Following the last Ice age, Wales became roughly the shape it is today by about 8000 BC and was inhabited by Mesolithic hunter-gatherers. The earliest farming communities are now believed to date from about 4000 BC, marking the beginning of the Neolithic period. This period saw the construction of many chambered tombs, the most notable including Bryn Celli Ddu and Barclodiad y Gawres on Anglesey.
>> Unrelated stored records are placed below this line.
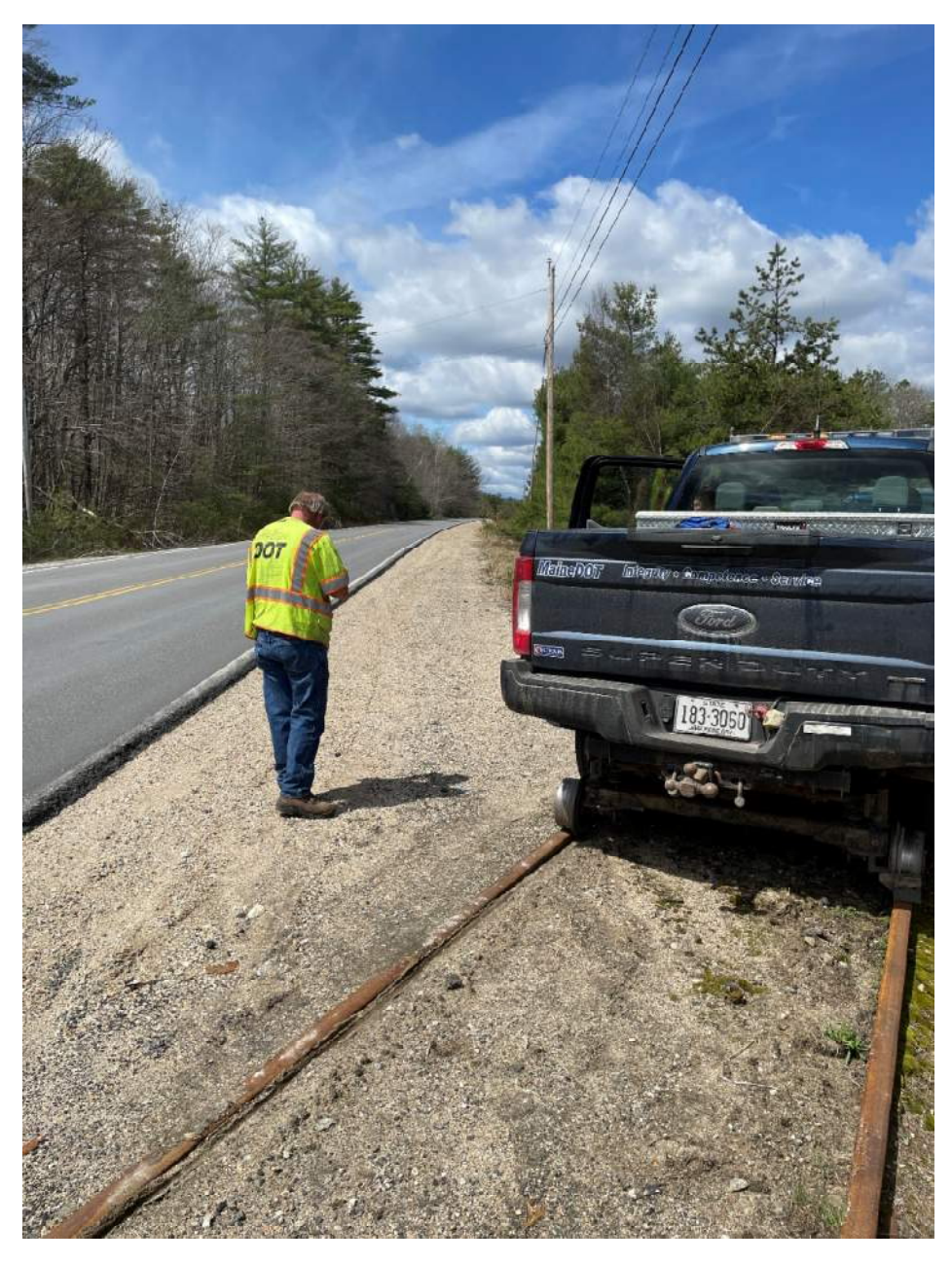
#3: Mountain Division Trail at Rte. 113 in Hiram looking north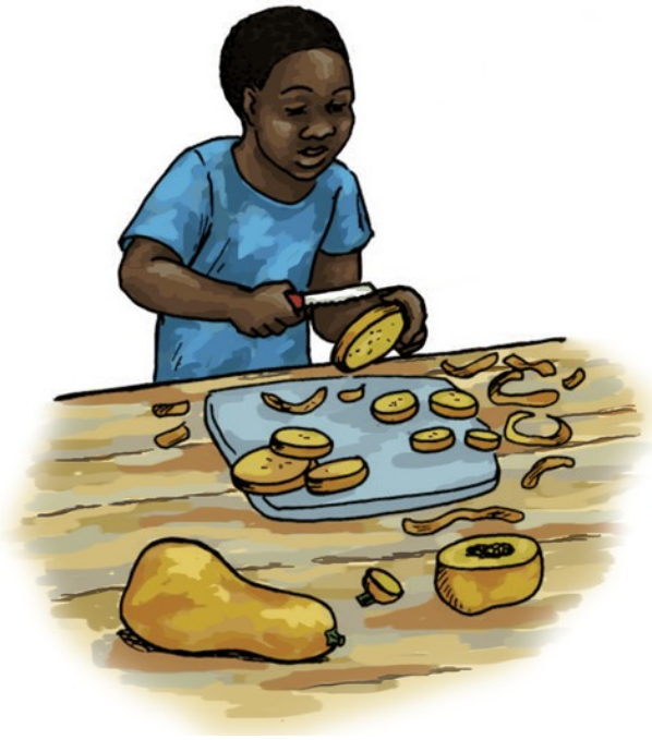
난 버터넛을 잘라.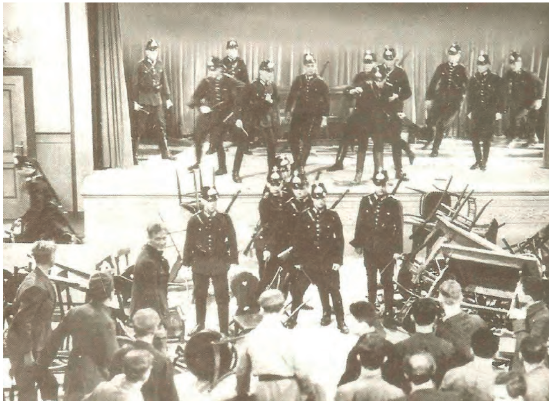
A photograph of the police dealing with the aftermath of a fight between the SA and the Communists, 1932.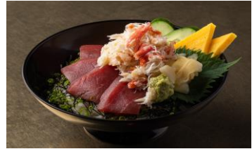
K03 Marinated Bluefin Tuna and Snow Crab Don $28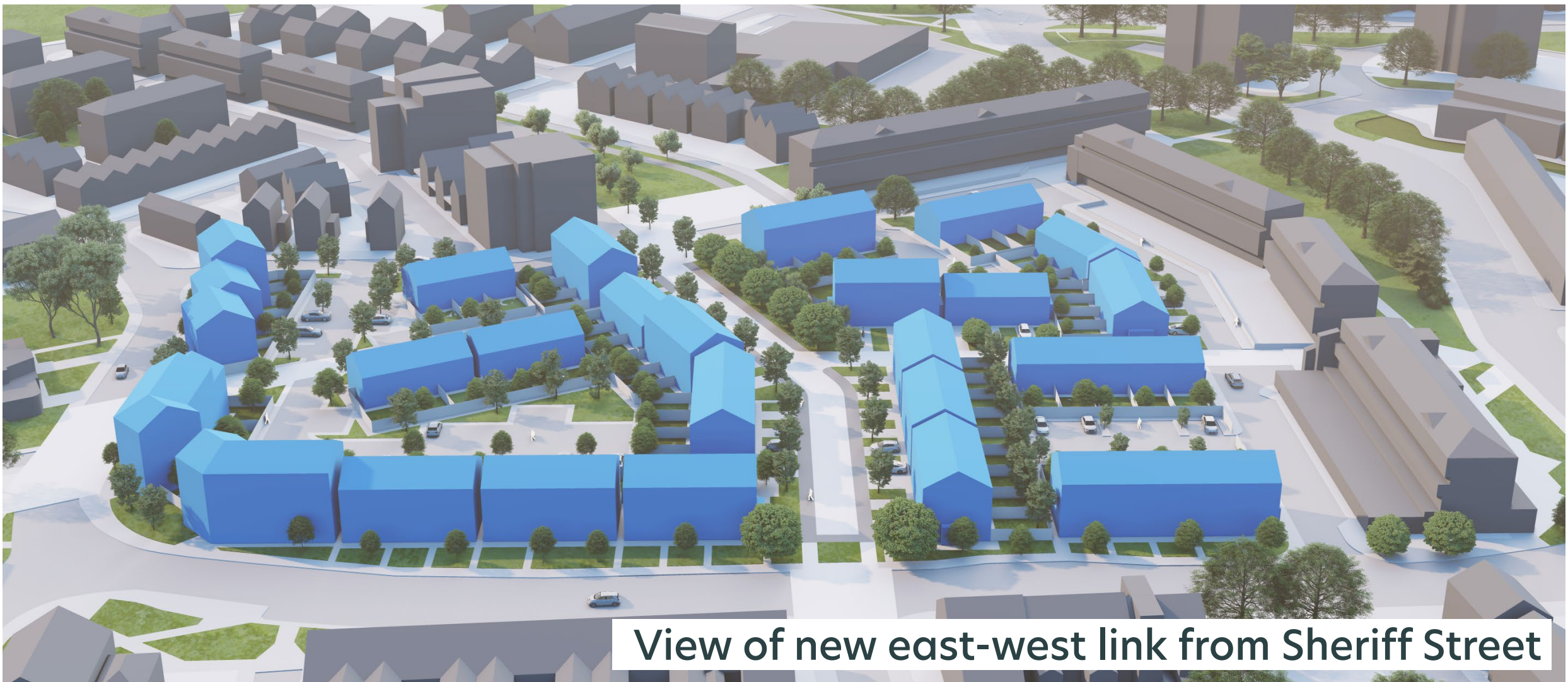
View of new east-west link from Sheriff Street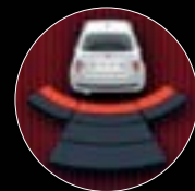
REAR PARK ASSIST

Depending on the version of your Fiat 500 , the TFT display is available with two different basic graphics and it also changes appearance with the driving mode set: Normal, Sport or Eco . Even the Rear Park Assist display will be customised according to your 500 model, while can control the tyre pressure with the TPMS function whenever you like.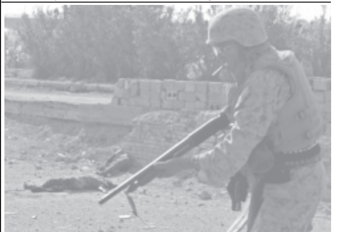
A US soldier secures an area in the devastated Iraqi city of Fallujah. US-led forces hunted down final pockets of resistance in Fallujah on 16 Nov, 2004.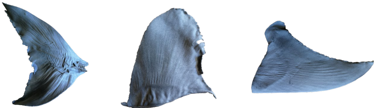
The replica shark fins after 3D printing using sintered nylon as the main material (Bowmouth Guitarfish caudal fin, Oceanic Whitetip dorsal fin, and Great Hammerhead pectoral fin)

to weight ratio, and the surface has a slightly rough sandpaper-like texture similar to real dried shark fins, which also allows for better adhesion of paint.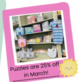
Puzzles are 25% off in March!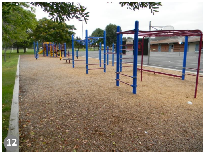
Play apparatus near hard courts

Metal tools first appeared in Wales about 2500 BC, initially copper followed by bronze. The climate during the Early Bronze Age (c. 2500-1400 BC) is thought to have been warmer than at present, as there are many remains from this period in what are now bleak uplands. The Late Bronze Age (c. 1400-750 BC) saw the development of more advanced bronze implements. Much of the copper for the production of bronze probably came from the copper mine on the Great Orme, where prehistoric mining on a very large scale dates largely from the middle Bronze Age.

The earliest iron implement found in Wales is a sword from Llyn Fawr at the head of the Rhondda Valley, which is thought to date to about 600 BC. The Iron Age saw the building of hillforts which are particularly numerous in Wales, examples being Pen Dinas near Aberystwyth and Tre'r Ceiri on the Lleyn peninsula. A particularly significant find from this period was made in 1943 at Llyn Cerrig Bach on Anglesey, when the ground was being prepared for the construction of a Royal Air Force base. The cache included weapons, shields, chariots along with their fittings and harnesses, and slave chains and tools. Many had been deliberately broken and seem to have been votive offerings.

Traditionally, historians have believed that successive waves of immigrants brought different cultures into the area, largely replacing the previous inhabitants, with the last wave of immigrants being the Celts. However, some studies of population genetics now suggest that this may not be true, and that the introduction of Celtic language in the Bronze Age may have been a result of immigration on a smaller scale.